YOUR ASSIGNMENT: In the listing below, find the line with "Stickad tröja Lärka" and copy every line from there up to and including the line with "Nội thất được", exactly and without pictures.

MATERIAL SHOWN:
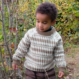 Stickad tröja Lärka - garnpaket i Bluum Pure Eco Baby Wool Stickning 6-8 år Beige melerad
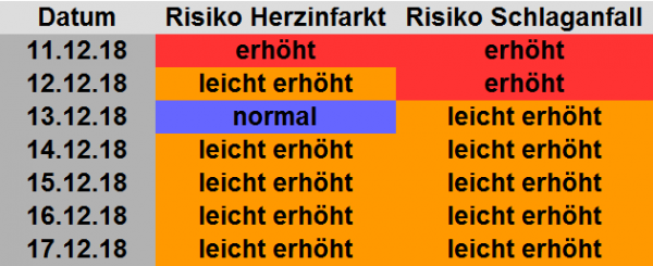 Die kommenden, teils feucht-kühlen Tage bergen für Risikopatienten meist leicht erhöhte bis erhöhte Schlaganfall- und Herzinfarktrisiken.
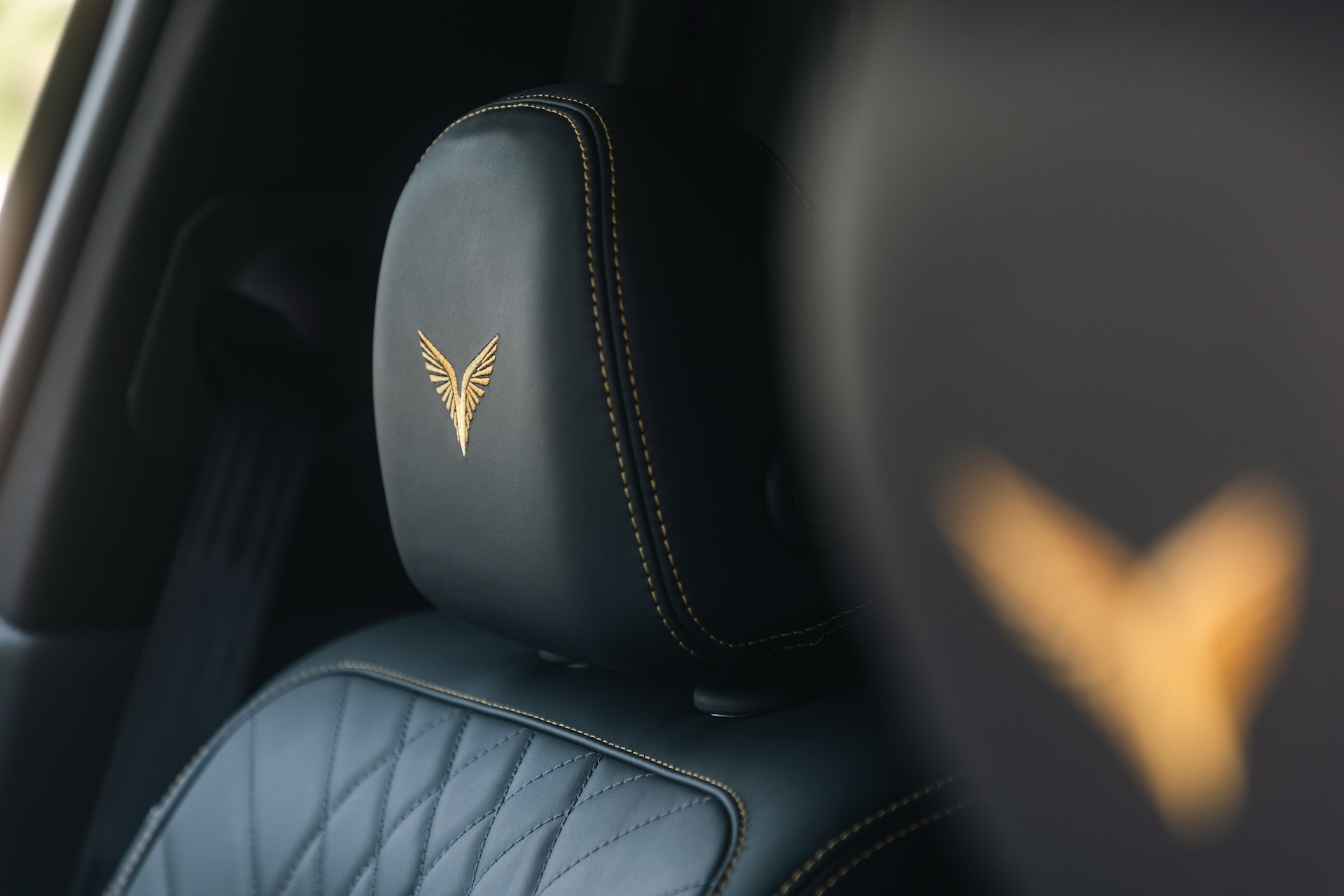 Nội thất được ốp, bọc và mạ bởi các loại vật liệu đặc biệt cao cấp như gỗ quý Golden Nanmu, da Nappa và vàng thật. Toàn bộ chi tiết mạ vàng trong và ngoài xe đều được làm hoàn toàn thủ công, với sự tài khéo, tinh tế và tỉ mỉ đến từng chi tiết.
* * *
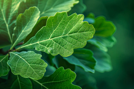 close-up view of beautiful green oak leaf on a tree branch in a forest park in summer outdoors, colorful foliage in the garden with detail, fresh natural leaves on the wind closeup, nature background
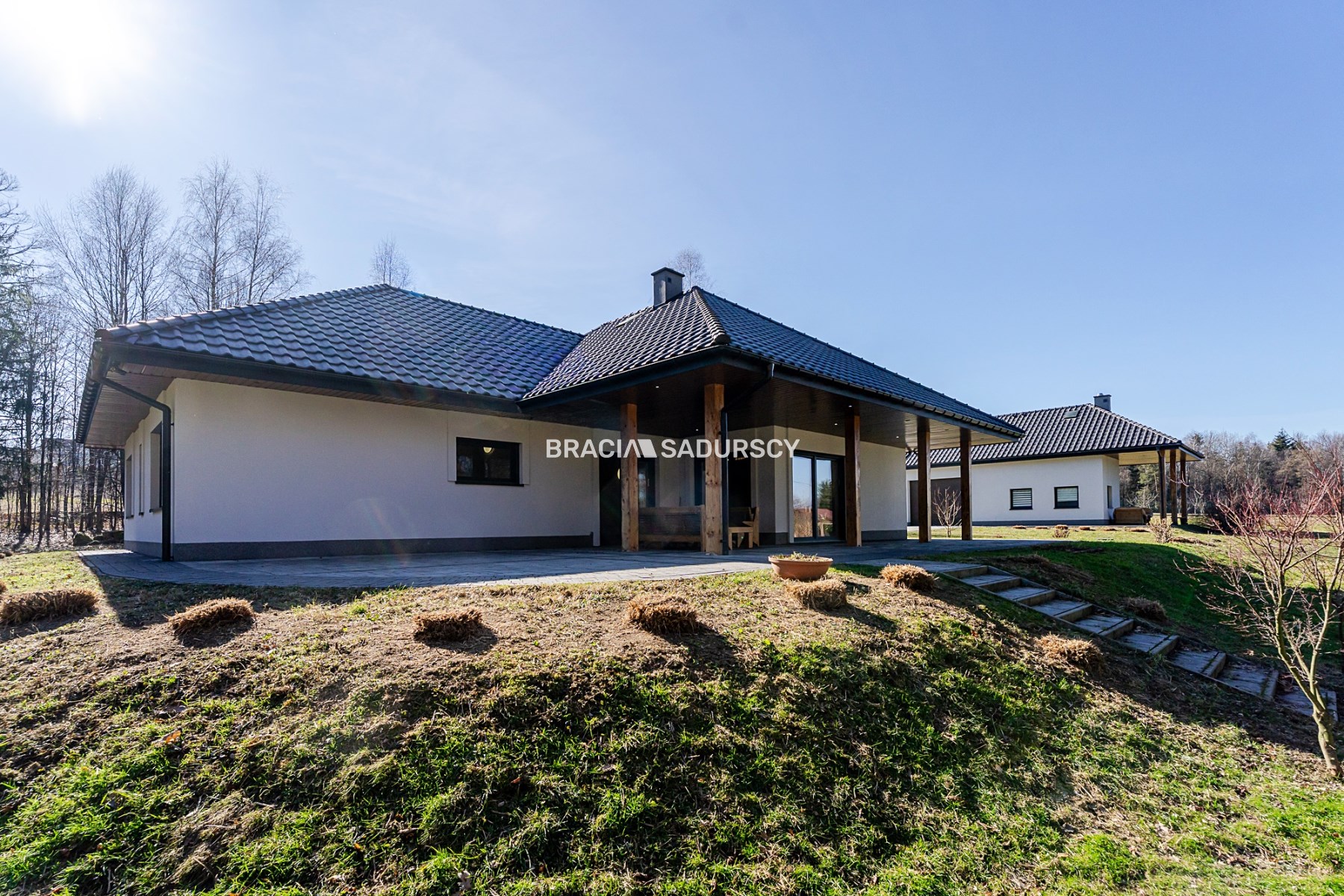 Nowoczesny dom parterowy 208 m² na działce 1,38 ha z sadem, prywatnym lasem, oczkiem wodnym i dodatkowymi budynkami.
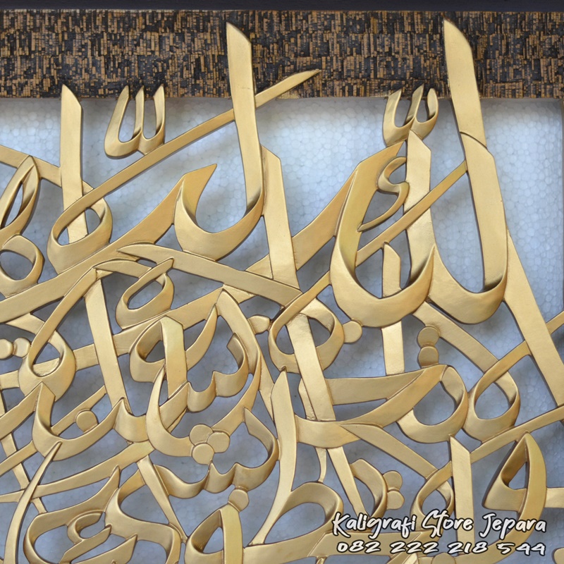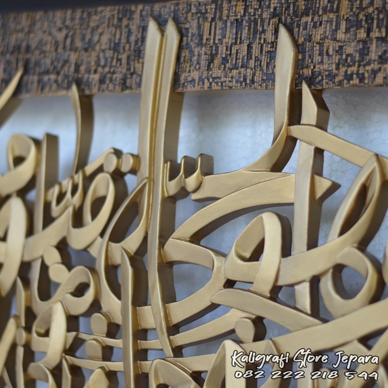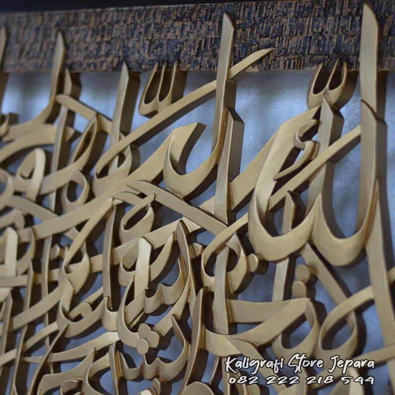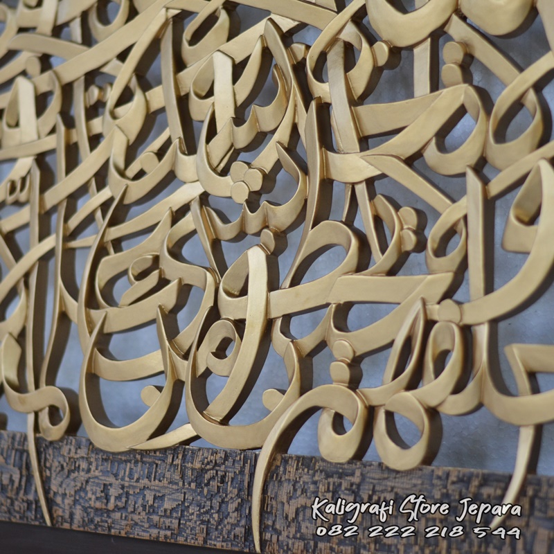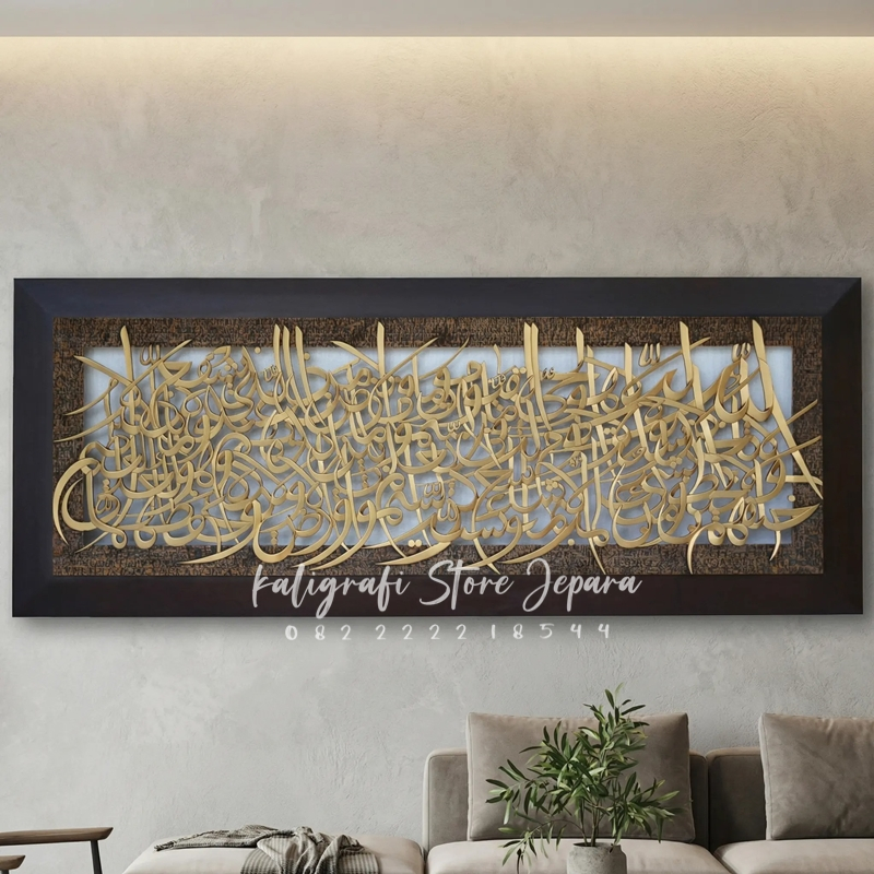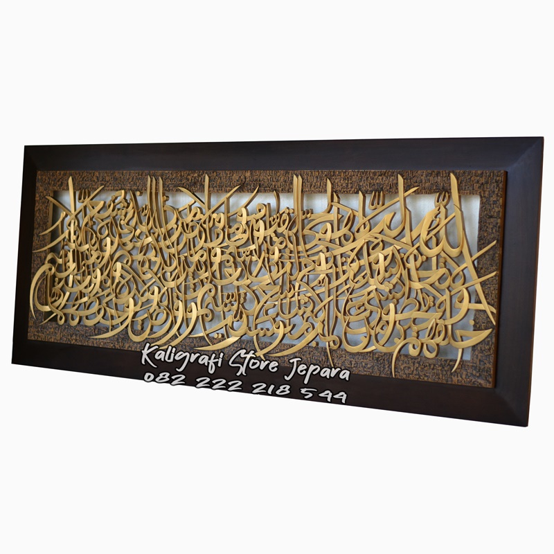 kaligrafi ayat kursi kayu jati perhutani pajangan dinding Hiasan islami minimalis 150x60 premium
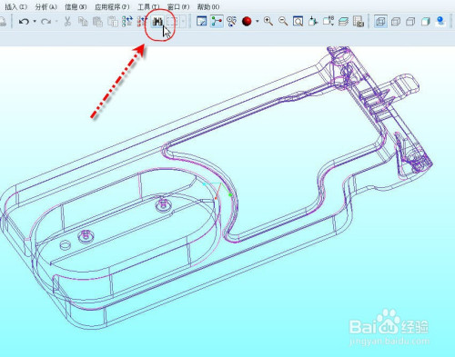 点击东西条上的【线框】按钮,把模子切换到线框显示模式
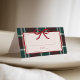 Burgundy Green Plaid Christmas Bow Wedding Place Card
...
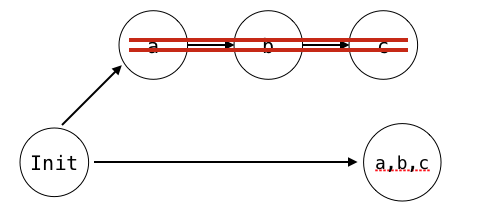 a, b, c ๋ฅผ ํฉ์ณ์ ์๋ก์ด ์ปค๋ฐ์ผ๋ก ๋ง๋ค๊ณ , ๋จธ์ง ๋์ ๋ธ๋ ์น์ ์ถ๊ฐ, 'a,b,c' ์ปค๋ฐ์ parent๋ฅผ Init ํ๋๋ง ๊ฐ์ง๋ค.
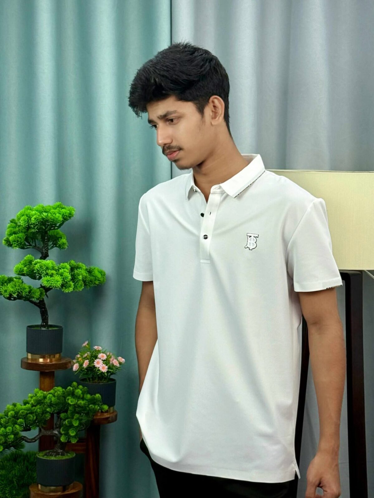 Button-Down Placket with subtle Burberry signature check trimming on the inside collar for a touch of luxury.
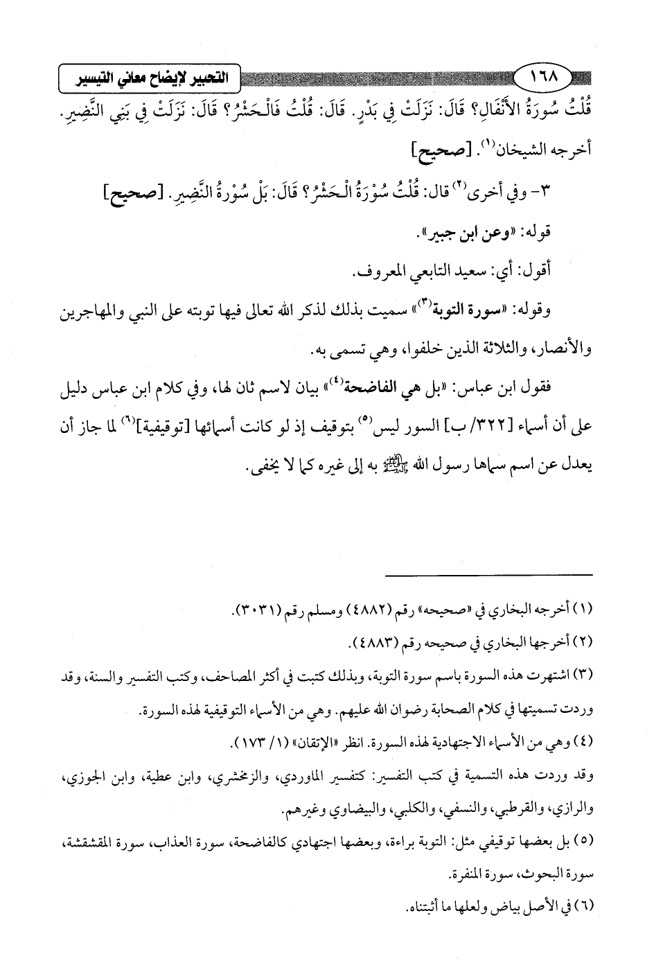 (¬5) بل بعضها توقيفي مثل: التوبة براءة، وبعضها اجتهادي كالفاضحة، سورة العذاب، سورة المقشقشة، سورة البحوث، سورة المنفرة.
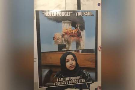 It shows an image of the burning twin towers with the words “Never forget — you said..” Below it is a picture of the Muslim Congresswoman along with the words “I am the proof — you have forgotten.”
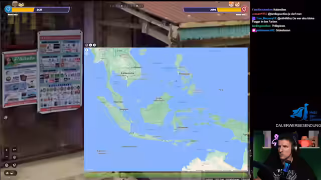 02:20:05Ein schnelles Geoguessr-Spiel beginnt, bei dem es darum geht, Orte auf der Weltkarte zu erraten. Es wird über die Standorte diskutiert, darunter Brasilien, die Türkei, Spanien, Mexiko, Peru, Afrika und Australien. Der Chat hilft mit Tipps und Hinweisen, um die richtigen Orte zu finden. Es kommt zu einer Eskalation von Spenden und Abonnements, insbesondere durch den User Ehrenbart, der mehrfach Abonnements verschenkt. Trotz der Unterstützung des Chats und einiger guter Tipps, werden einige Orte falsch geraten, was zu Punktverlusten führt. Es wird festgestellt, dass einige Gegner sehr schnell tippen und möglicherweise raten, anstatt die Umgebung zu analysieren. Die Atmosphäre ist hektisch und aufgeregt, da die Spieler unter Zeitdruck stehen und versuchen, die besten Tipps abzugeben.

RESPONSE AREA:
 Stickad tröja Lärka - garnpaket i Bluum Pure Eco Baby Wool Stickning 6-8 år Beige melerad
 Die kommenden, teils feucht-kühlen Tage bergen für Risikopatienten meist leicht erhöhte bis erhöhte Schlaganfall- und Herzinfarktrisiken.
 Nội thất được ốp, bọc và mạ bởi các loại vật liệu đặc biệt cao cấp như gỗ quý Golden Nanmu, da Nappa và vàng thật. Toàn bộ chi tiết mạ vàng trong và ngoài xe đều được làm hoàn toàn thủ công, với sự tài khéo, tinh tế và tỉ mỉ đến từng chi tiết.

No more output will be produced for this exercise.